Few-Shot Relation Learning with Attention for EEG-based Motor Imagery
Classification
- URL: http://arxiv.org/abs/2003.01300v2
- Date: Wed, 19 Aug 2020 06:15:53 GMT
- Title: Few-Shot Relation Learning with Attention for EEG-based Motor Imagery
Classification
- Authors: Sion An, Soopil Kim, Philip Chikontwe and Sang Hyun Park
- Abstract summary: Brain-Computer Interfaces (BCI) based on Electroencephalography (EEG) signals have received a lot of attention.
Motor imagery (MI) data can be used to aid rehabilitation as well as in autonomous driving scenarios.
classification of MI signals is vital for EEG-based BCI systems.
- Score: 11.873435088539459
- License: http://arxiv.org/licenses/nonexclusive-distrib/1.0/
- Abstract: Brain-Computer Interfaces (BCI) based on Electroencephalography (EEG)
signals, in particular motor imagery (MI) data have received a lot of attention
and show the potential towards the design of key technologies both in
healthcare and other industries. MI data is generated when a subject imagines
movement of limbs and can be used to aid rehabilitation as well as in
autonomous driving scenarios. Thus, classification of MI signals is vital for
EEG-based BCI systems. Recently, MI EEG classification techniques using deep
learning have shown improved performance over conventional techniques. However,
due to inter-subject variability, the scarcity of unseen subject data, and low
signal-to-noise ratio, extracting robust features and improving accuracy is
still challenging. In this context, we propose a novel two-way few shot network
that is able to efficiently learn how to learn representative features of
unseen subject categories and how to classify them with limited MI EEG data.

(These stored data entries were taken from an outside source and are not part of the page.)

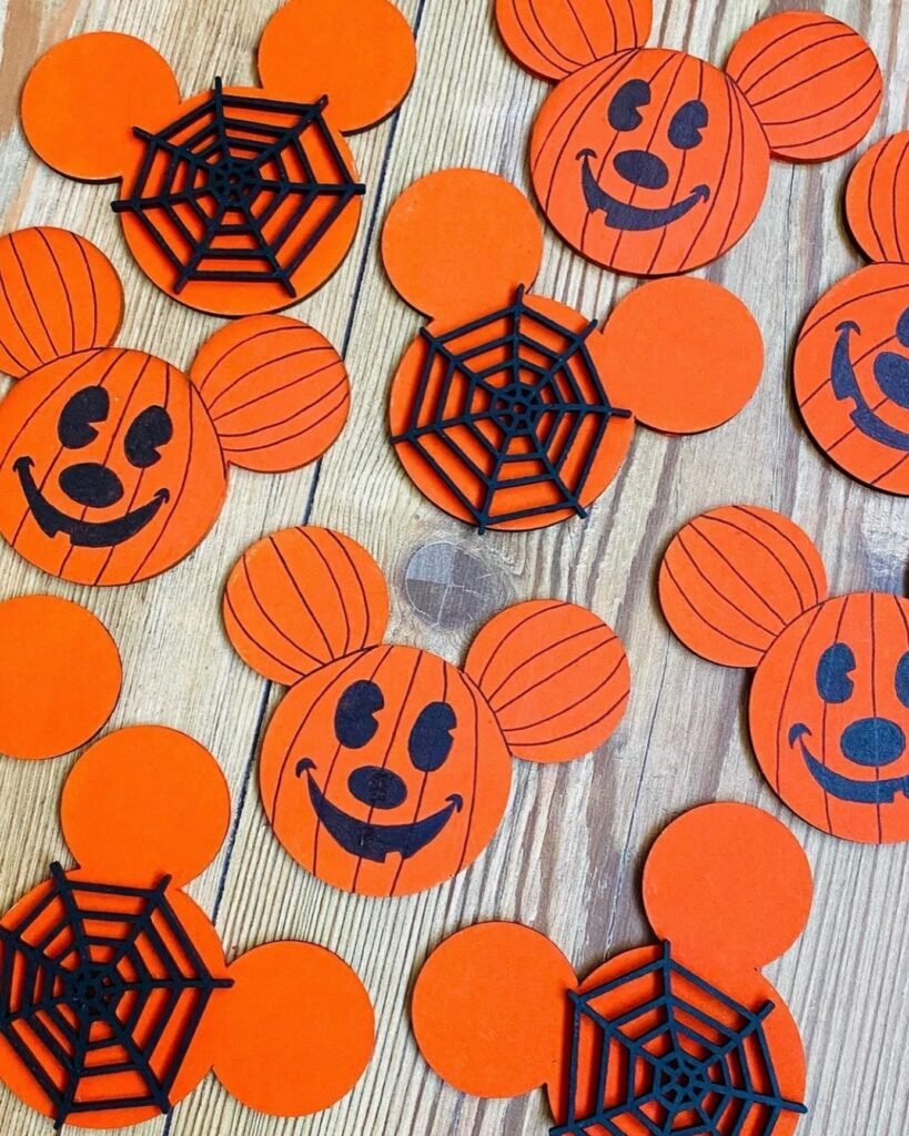 This delightful confetti is a simple yet effective addition to any collection of mickey’s halloween party ideas. The pieces are a mix of smiling Mickey pumpkin heads, solid orange circles, and spooky black spiderwebs.
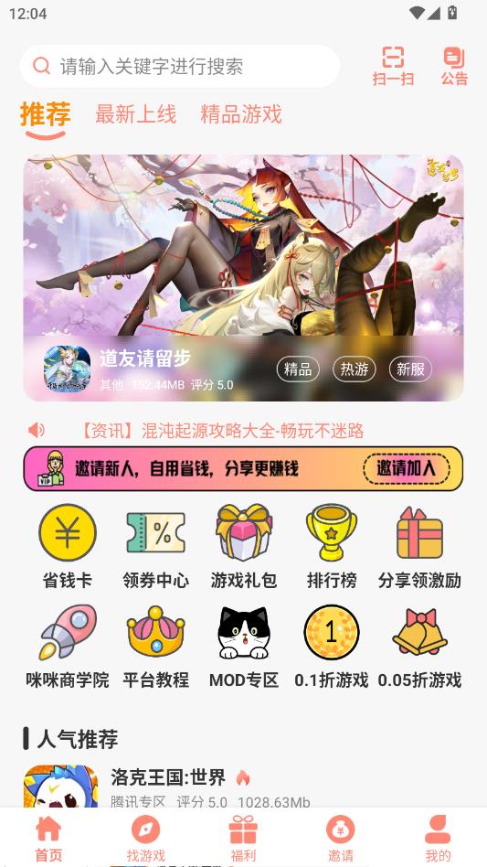 咪咪派mimipaw是款集成海量热门手游的游戏盒子,包括最新上线的洛克王国世界以及即将上线的王者荣耀世界等,各种类型题材这里应有尽有,都是可以免费下载体验的,并且还提供了丰富的福利可以领取。
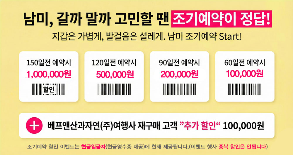 - 본 여행상품은 최소인원이 되어야 확정되는 상품으로 확정 후에야 항공권구매에 들어가는 관계로 예약시점에 따라 기본항공권 좌석이 없는 경우 추가로 부담해야 하므로 추가금액이 발생하며 전체 상품가격이 올라갈 수 있습니다.
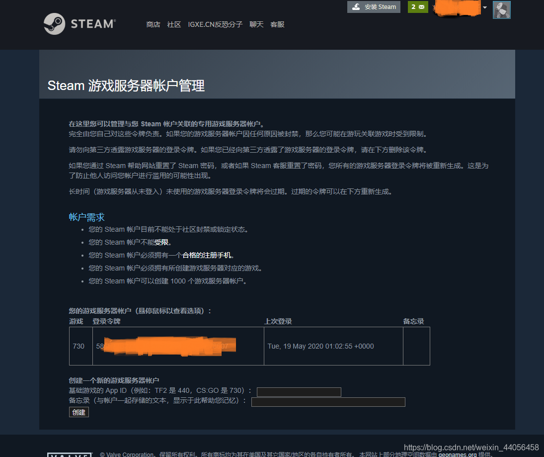 点击创建之后便获得了登录令牌,不要将该令牌泄露出去,该令牌用于服务器在CS:GO社区服务器中验证
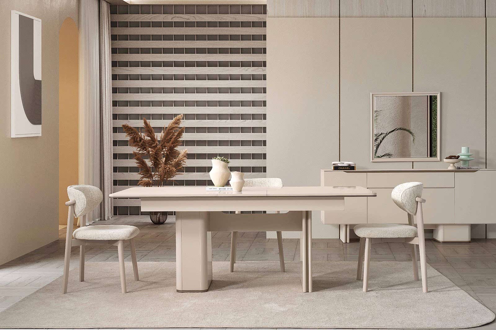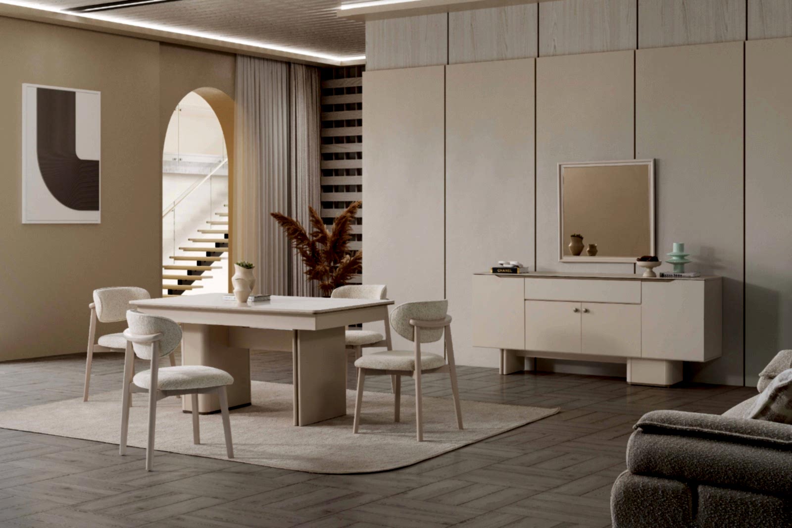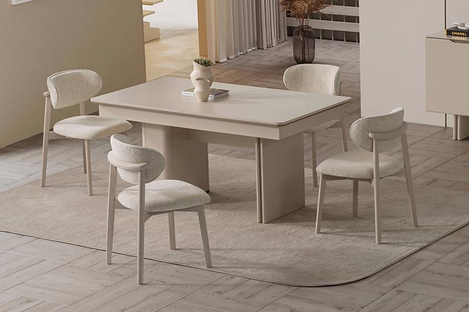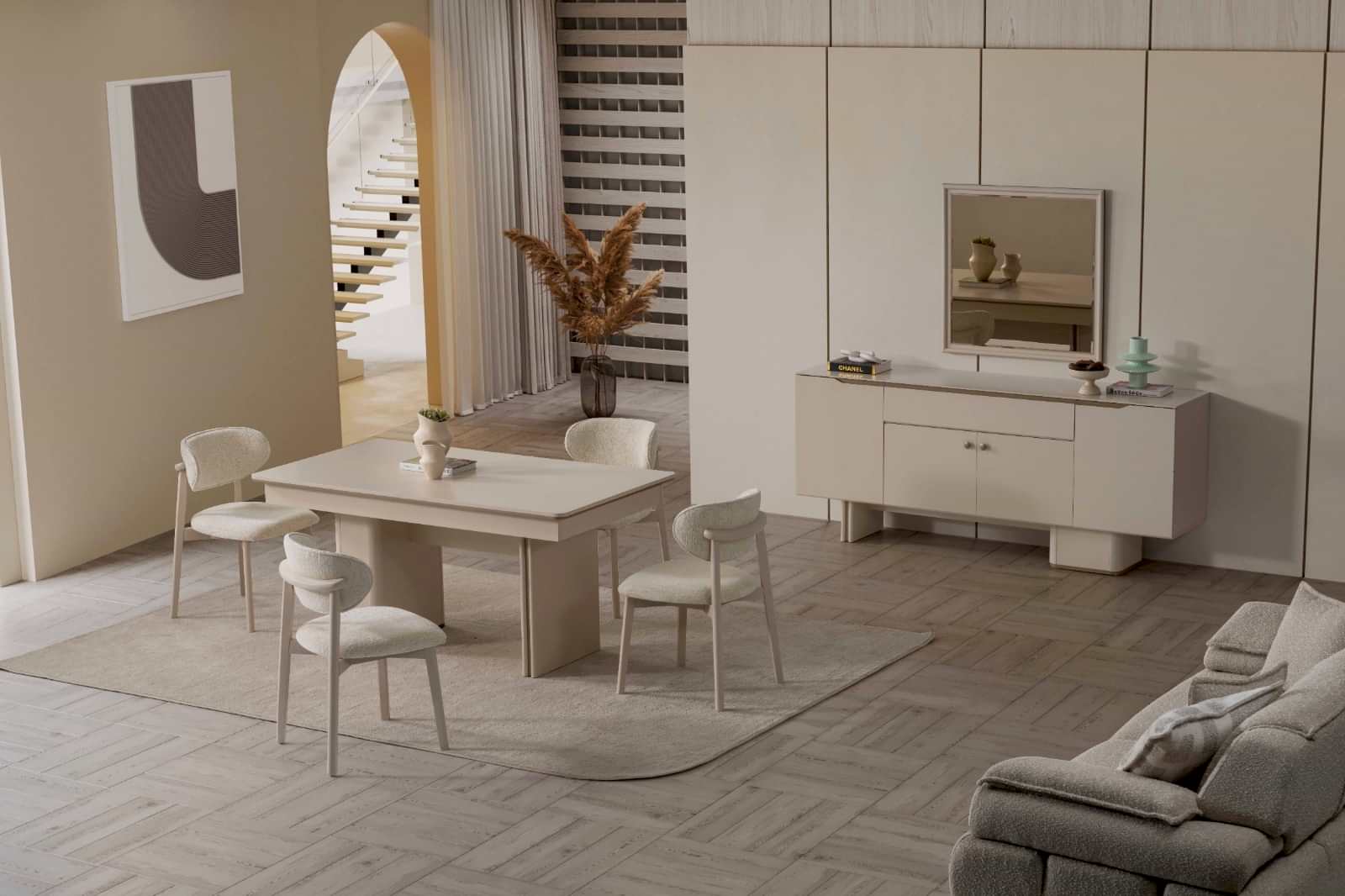 YEMEK ODASI TAKIMI: Konsol ,konsol aynası, yemek masası ve 4 adet polo sandalyelidir.

The pipeline includes an embedding module that learns feature representations
from a set of samples, an attention mechanism for key signal feature discovery,
and a relation module for final classification based on relation scores between
a support set and a query signal. In addition to the unified learning of
feature similarity and a few shot classifier, our method leads to emphasize
informative features in support data relevant to the query data, which
generalizes better on unseen subjects. For evaluation, we used the BCI
competition IV 2b dataset and achieved an 9.3% accuracy improvement in the
20-shot classification task with state-of-the-art performance. Experimental
results demonstrate the effectiveness of employing attention and the overall
generality of our method.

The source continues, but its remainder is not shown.